## DATA SUPPLIED

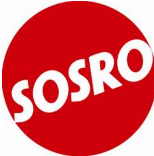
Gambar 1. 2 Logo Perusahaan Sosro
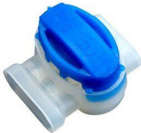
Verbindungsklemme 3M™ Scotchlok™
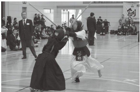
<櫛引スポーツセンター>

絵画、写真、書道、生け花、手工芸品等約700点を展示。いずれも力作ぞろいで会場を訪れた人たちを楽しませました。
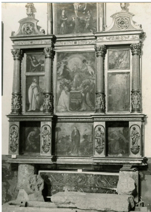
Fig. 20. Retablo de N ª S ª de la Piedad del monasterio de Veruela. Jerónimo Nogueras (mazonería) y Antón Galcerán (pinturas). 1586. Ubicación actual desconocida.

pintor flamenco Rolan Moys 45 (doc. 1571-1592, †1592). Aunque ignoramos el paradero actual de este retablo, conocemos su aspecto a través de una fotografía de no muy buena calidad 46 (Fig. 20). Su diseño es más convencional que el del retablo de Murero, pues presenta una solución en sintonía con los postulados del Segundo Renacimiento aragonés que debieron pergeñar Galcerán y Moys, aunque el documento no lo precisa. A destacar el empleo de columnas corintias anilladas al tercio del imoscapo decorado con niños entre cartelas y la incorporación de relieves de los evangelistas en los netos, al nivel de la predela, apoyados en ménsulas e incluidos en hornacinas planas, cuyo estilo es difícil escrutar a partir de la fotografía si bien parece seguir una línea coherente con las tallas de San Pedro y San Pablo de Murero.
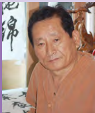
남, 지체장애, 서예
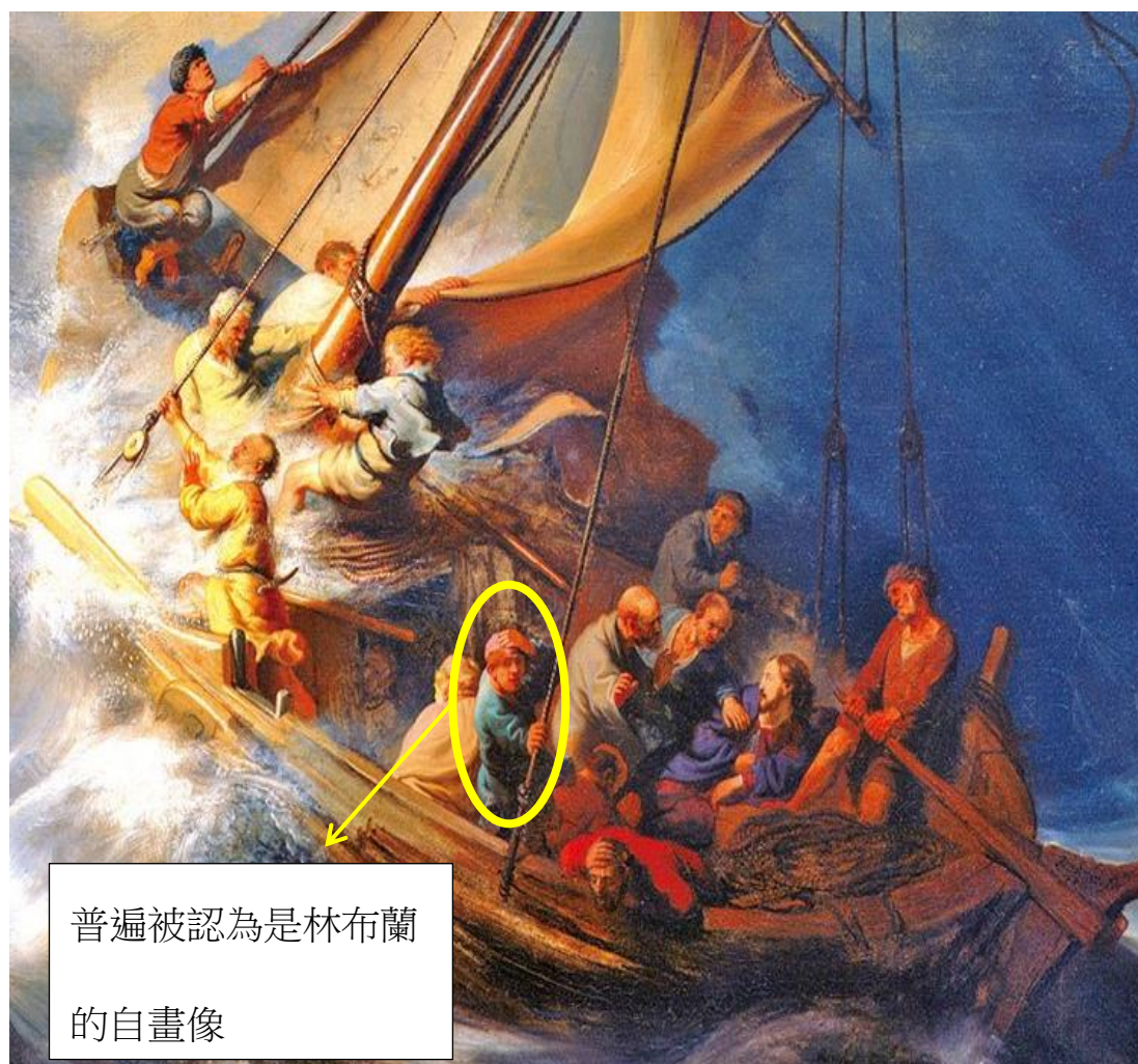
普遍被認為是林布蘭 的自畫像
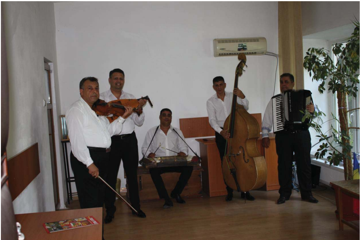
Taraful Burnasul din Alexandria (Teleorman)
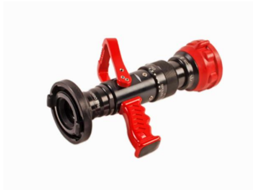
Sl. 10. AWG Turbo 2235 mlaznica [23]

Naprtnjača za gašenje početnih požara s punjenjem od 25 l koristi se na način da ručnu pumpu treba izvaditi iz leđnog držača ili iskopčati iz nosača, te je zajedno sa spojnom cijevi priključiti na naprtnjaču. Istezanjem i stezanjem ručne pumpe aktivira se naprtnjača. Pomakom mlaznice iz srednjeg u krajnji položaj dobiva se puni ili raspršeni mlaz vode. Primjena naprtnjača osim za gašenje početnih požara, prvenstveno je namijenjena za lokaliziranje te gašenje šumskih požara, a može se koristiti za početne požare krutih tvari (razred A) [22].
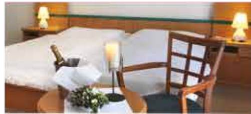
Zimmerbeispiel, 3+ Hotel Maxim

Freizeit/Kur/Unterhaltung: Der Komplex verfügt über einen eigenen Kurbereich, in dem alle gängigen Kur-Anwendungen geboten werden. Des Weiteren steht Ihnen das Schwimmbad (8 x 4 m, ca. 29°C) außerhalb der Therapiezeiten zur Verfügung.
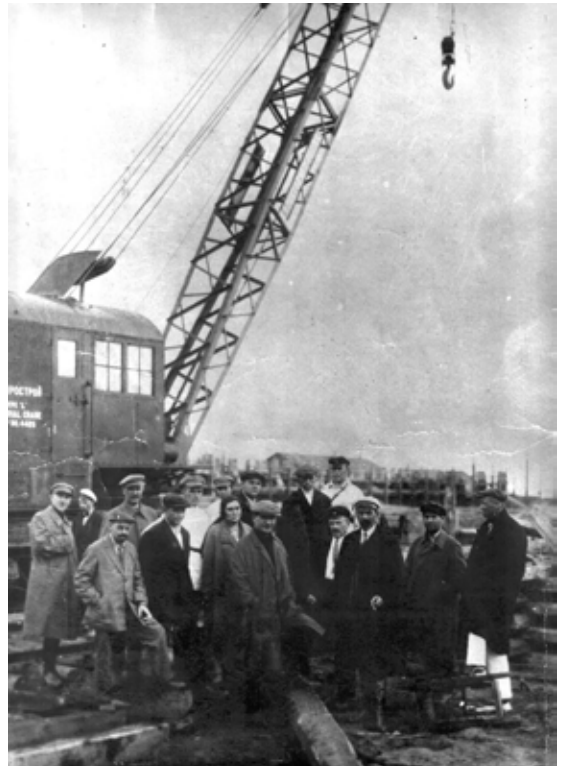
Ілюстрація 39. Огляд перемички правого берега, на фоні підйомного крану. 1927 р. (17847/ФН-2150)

==

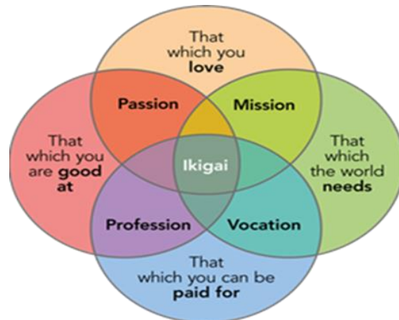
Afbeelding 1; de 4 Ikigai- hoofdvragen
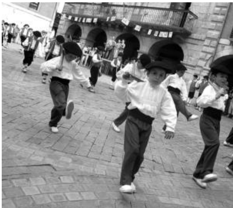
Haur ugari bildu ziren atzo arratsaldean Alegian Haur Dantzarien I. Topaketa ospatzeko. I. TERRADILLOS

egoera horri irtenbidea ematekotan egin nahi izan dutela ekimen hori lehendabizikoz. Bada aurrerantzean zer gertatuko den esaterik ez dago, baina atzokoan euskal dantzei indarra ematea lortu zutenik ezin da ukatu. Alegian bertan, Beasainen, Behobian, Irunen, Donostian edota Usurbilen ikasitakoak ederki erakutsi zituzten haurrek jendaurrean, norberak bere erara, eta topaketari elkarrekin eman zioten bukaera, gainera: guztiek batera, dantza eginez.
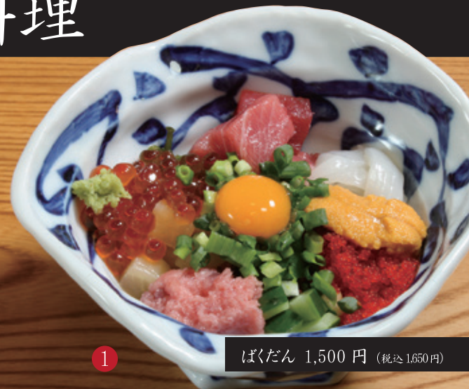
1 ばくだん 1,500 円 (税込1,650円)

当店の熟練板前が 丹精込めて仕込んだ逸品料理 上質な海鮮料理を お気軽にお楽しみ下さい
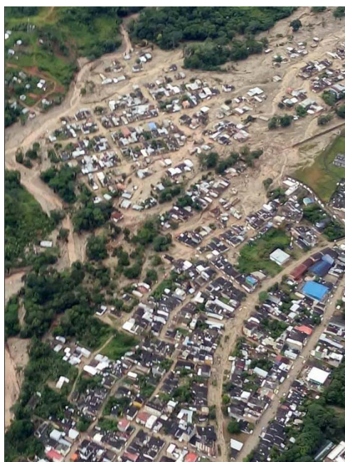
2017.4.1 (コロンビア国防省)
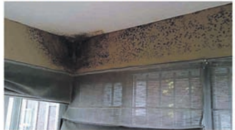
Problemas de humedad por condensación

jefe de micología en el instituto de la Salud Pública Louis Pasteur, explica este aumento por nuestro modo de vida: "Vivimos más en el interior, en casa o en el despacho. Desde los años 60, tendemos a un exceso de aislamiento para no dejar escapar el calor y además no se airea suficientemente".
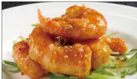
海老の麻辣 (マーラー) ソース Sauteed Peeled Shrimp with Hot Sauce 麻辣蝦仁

## WHAT YOU WILL DO
What is needed is an exact copy of the lines above, from the one holding "Gambar 1. 2 Logo Perusahaan Sosro" down to the one holding "Fig. 20. Retablo", with those two included and the pictures left out.

## YOUR RESPONSE
Gambar 1. 2 Logo Perusahaan Sosro
Verbindungsklemme 3M™ Scotchlok™
<櫛引スポーツセンター>

絵画、写真、書道、生け花、手工芸品等約700点を展示。いずれも力作ぞろいで会場を訪れた人たちを楽しませました。
Fig. 20. Retablo de N ª S ª de la Piedad del monasterio de Veruela. Jerónimo Nogueras (mazonería) y Antón Galcerán (pinturas). 1586. Ubicación actual desconocida.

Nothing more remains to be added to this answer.